COVID-19's Impact on Force Majeure Clauses and Similar Common Law Doctrines
Since the commencement of the COVID-19 crisis, many companies within the hospitality industry have been quick to react. Many companies have even unilaterally enforced the Force Majeure clauses within contracts and the doctrine of Frustration of Purpose in favor of their clients and customers.
- Marriott International hotels world-wide issued a statement allowing for full changes or cancellations, without a charge, up to 24 hours prior to a client’s scheduled arrival - as long as the change or cancellation is made by June 30, 2020. Other hotels have reacted in similar ways.
- JP Morgan/Chase automatically extended certain car leases in circumstances where leased vehicles were due in March, April and May.
- Walt Disney World automatically stopped charging customers for their annual passes.
- And, while arguably not necessary under these legal theories, many motor vehicle insurers automatically reduced premium rates for the months of April and May by varying percentages.
While Force Majeure clauses may be different in their wording from contract to contract and industry to industry, at their core they require a finding of three major elements in order to be enforced:
- The party attempting to enforce the clause must establish that the occurrence preventing them from performing their contractual duties is beyond their reasonable control;
- The enforcing party's ability to perform its obligations under the contract must have been prevented, impeded or hindered specifically by the occurrence; and
- The enforcing party must have taken all reasonable steps to avoid or mitigate the occurrence or its consequences.
Other than Florida hurricanes, it appears that COVID-19 may be one of the easier occurrences in the last few decades for parties contracting in Florida to establish their Force Majeure clauses.
Prior to COVID-19, many of the Florida cases relating to the enforcement of these clauses involved permits, codes and statutes, and required fact and legal intensive inquiries and investigations into whether the enforcing party could have taken steps to avoid breaching the contract. Here, hospitality businesses were quickly shut down by county and state orders. Additionally, if a contract does not expressly contain a Force Majeure clause, there are common law legal doctrines that provide the same protections.
Florida Common Law - Frustration of Purpose and the Doctrine of Impossibility of Performance
Under the doctrine of impossibility of performance or frustration of purpose, a party is discharged from performing a contractual obligation which is impossible to perform and the party neither assumed the risk of impossibility nor could have acted to prevent the event rendering the performance impossible. See Marathon Sunsets, Inc. v. Coldiron
, 189 So. 3d 235, 236 (Fla. 3d DCA 2016).
We anticipate that courts throughout Florida will not tolerate cavalier or "business as usual" arguments when deciding whether to enforce these clauses or doctrines.
Companies must quickly decide whether their clients and customers will be able to establish these clauses and legal theories and then respond accordingly.
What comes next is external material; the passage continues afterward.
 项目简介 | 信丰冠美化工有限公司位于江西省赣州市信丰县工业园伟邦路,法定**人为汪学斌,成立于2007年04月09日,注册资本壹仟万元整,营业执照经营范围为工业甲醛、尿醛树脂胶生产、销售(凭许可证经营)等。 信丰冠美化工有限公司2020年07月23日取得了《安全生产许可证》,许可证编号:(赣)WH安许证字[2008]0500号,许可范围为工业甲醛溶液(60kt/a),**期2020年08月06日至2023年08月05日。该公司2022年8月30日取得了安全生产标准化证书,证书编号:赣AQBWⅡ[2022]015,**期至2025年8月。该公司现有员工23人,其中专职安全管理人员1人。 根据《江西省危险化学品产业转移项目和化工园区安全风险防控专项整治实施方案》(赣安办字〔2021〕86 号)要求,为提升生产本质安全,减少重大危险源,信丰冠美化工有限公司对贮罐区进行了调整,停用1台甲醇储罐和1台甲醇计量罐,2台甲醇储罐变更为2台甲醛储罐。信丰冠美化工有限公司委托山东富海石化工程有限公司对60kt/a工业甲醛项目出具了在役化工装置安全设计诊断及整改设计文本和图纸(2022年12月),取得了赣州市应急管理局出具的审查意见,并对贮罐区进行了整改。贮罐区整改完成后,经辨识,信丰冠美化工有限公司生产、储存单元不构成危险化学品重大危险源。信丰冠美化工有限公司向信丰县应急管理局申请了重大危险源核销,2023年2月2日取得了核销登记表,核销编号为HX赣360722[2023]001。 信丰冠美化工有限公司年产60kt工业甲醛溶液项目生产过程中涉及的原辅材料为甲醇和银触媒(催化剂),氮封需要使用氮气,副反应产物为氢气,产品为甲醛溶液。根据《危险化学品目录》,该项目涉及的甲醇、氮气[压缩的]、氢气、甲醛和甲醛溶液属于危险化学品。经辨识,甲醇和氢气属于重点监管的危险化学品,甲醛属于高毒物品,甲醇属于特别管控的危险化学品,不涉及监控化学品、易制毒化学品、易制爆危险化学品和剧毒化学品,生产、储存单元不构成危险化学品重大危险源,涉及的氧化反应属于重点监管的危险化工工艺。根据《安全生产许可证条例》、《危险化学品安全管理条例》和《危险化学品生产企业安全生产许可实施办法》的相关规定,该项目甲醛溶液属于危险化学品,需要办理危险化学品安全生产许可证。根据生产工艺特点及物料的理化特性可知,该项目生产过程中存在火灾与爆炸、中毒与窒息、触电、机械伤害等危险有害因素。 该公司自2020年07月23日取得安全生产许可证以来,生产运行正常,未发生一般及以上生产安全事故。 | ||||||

Anticipated Personal Injury Claims Due to Food/Drink Consumption
Now that COVID-19 has rapidly spread across the United States, many local governments (including those in Florida) have ordered hotels and restaurants to close their doors, though some restaurants are still open to serve their customers through delivery and carry-out. Regardless, thousands of hotel and restaurant employees have served thousands of customers with food and drinks since the outbreak of COVID-19, which is a highly contagious virus and is believed to be spread mainly from person-to-person and from contact with contaminated surfaces. Of course, tourism is Florida’s largest industry, and it is anticipated that many claims may be brought against Florida hotels and restaurants in the near future for any actions, or omissions, on their part that results in the transmission of COVID-19 to one (or more) of their customers.
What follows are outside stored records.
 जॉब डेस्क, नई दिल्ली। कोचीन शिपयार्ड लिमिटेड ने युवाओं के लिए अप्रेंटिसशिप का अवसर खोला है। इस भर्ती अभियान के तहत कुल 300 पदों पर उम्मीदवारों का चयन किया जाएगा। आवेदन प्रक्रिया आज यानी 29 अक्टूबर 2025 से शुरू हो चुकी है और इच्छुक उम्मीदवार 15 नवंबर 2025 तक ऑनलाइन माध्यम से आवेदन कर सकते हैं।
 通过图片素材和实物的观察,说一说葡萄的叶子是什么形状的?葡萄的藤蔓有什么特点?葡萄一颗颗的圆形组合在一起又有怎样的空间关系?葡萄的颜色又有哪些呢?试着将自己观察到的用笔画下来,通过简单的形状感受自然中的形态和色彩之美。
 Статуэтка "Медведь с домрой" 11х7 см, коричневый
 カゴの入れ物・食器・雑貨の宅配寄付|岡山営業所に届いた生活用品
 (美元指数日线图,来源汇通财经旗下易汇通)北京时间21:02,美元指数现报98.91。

There are several legal theories that an injured person may use to recover against hotels/restaurants for damages from contracting COVID-19 through contaminated food, drinks, or through surface/interpersonal contact, for example:
- negligence/negligence per se
- strict liability
- breach of warranty
- violation of local/state governmental business-closure orders
No matter what the legal theory is, Plaintiffs may very well have an uphill battle proving exactly how they were exposed to COVID-19. Causation may be easier to prove for multiple Plaintiffs who can trace exposure to one location. When it comes to causation, courts have commented that “a mere possibility of causation is not enough; and when the matter remains one of pure speculation or conjecture, or the probabilities are at best evenly balanced, it becomes the duty of the court to direct a verdict for the defendant.”
Comparative fault/assumption of the risk may also serve as defenses to some of these claims.
As for damages, those who suffer mild effects of the virus will obviously have a tough time arguing that they are entitled to significant compensation, though class actions have been filed in the past for contaminated food-borne illnesses that have affected a large number of people who can relate their exposure to a specific hotel or restaurant.